Wtedy zaczął dzwonić dzwonek na lekcje.Ja i William weszliśmy później do klasy chcąc zrobić pozostałym niespodziankę.Pani Rachel wiedziała o naszym planie.Specjalnie zajmowała uczniów żeby się nie zorientowali.Wtedy William zapukał do drzwi i wszedł ze mną jak gdyby nic się nie stało.Wszyscy byli zaskoczeni.Oczy mało nie wypadły im ze zdziwienia.Lekcja jakoś szybko zleciała.Zaraz mieliśmy moją ukochaną lekcje w-f. Na sali zauważyłam Ulricha.Był cały przygnębiony chciałam do niego podejść , ale pierwsza zrobiła to Sisi. Za wszelką cenę chciałam im przerwać , ale ignorowali mnie.Nie poddawałam się gdy tylko nauczycielka nie widziała próbowałam wstać z wózka pomimo zakazom lekarza.Nie obchodziło mnie to nie mogłam pozwolić aby Siis owinęła go sobie wokół palca.Wszyscy widzieli jak wstaje ale nikt nie miał odwagi mi przerwać.Dopiero musiał  spojrzeć na mnie wtedy  gdy zrobiło mi się słabo i upadłam. Sisi tylko przeszła obok mnie z Ulrichem i zaczęła się śmiać.William od razu pomógł mi wstać.Siedziałam na samym końcu sali gimnastycznej z daleka od innych.Nie chciałam być znowu upokorzona.W głowie miałam tylko jedno porozmawiać z Ulrichem.Teraz akurat miałam okazję .Sisi i reszta dziewczyn grały na boisku a Ulrich siedział nie daleko mnie.Podjechałam do niego.
- Hej co się stało ? - zapytałam
- To że mnie unikasz, przez co muszę być z Sisi-odparł
- Przepraszam nie chciałam-zaczęłam się tłumaczyć
- A co ty robisz z tą pokraką - przerwała nam Sissi
-Nic tylko rozmawiamy- tłumaczył się Ulrich
Nie miałam ochoty patrzeć na tą głupią jędze więc pojechałam do Williama.
-Coś się stało-zapytał
- Nie chyba nie - odpowiedziałam
Przerwał nam dzwonek .Pojechałam do pokoju Aelity żeby z nią porozmawiać.

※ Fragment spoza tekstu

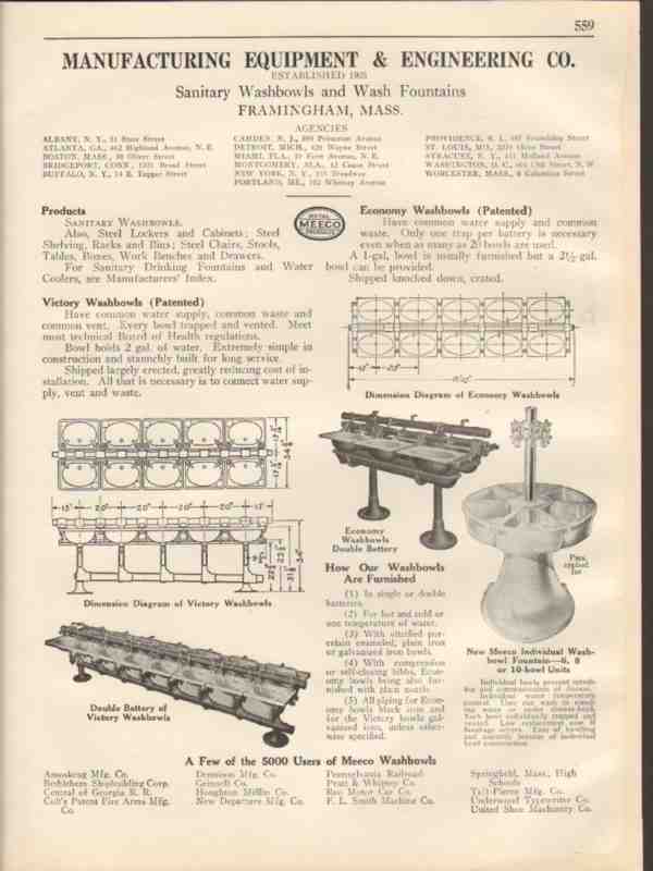 Original plumbing trade vintage catalog for MANUFACTURING EQUIPMENT & ENGINEERING COMPANY, was located in Framingham, MA. Manufacturers of Sanitary Washbowls and Wash Fountains. Products shown include MEECO, Victory and Economy Washbowl. Used at Amoskeag Manufacturing, Bethlehem Shipbuilding, Colt's Patent Fire Arms Manufacturing, Grinnell, Houghton Mifflin, Pennsylvania Railroad, REO Motor Car Company, Taft-Pierce and Underwood Typewriter. Unbound from a large 1931 architectural catalog, this unique old one page technical brochure would display beautifully matted and framed. Nice graphics. A fantastic addition to your retro industrial plumbing collection. Slight damp stain on outer edge.

- Hej Yumi - przywitała się dziewczyna
- Hej- odpowiedziałam
- Po co przyszłaś ?-zapytała
- Pogadać-powiedziałam
- Okej mów-przygotowała się na długą długą historyjkę
- Bo chodzi o to że mam dość tego wszystkiego,Raz Ulrich jest na mnie zły , a gdy się do mnie nie odzywa i pociesza mnie William to ma wielkie pretensje. Co ja mam zrobić- wydusiłam z siebie na jednym oddechu.
- że co nie ogarniam- zaprotestowała ze zdziwieniem
- A zapomniałam w szpitalu dostałam od Williama piękny wisiorek, a Ulrich jest zazdrosny-przypomniałam sobie w ostatniej chwili
Był już wieczór siedziałam na parapecie przed oknem. Włosy przykryły mi połowę twarzy.Było mi bardzo smutno że Ulrich nie chce mnie znać. Wtedy zobaczyłam go jak szedł sam po parku.Zawołałam go przez otworzone okno.Pomimo że słyszał jak go wołam nie odwrócił się.Przez to czułam się nikomu nie potrzebna. Myślałam tylko o jednym NIE CHCĘ ŻYĆ, NIE MAM JUŻ DLA KOGO.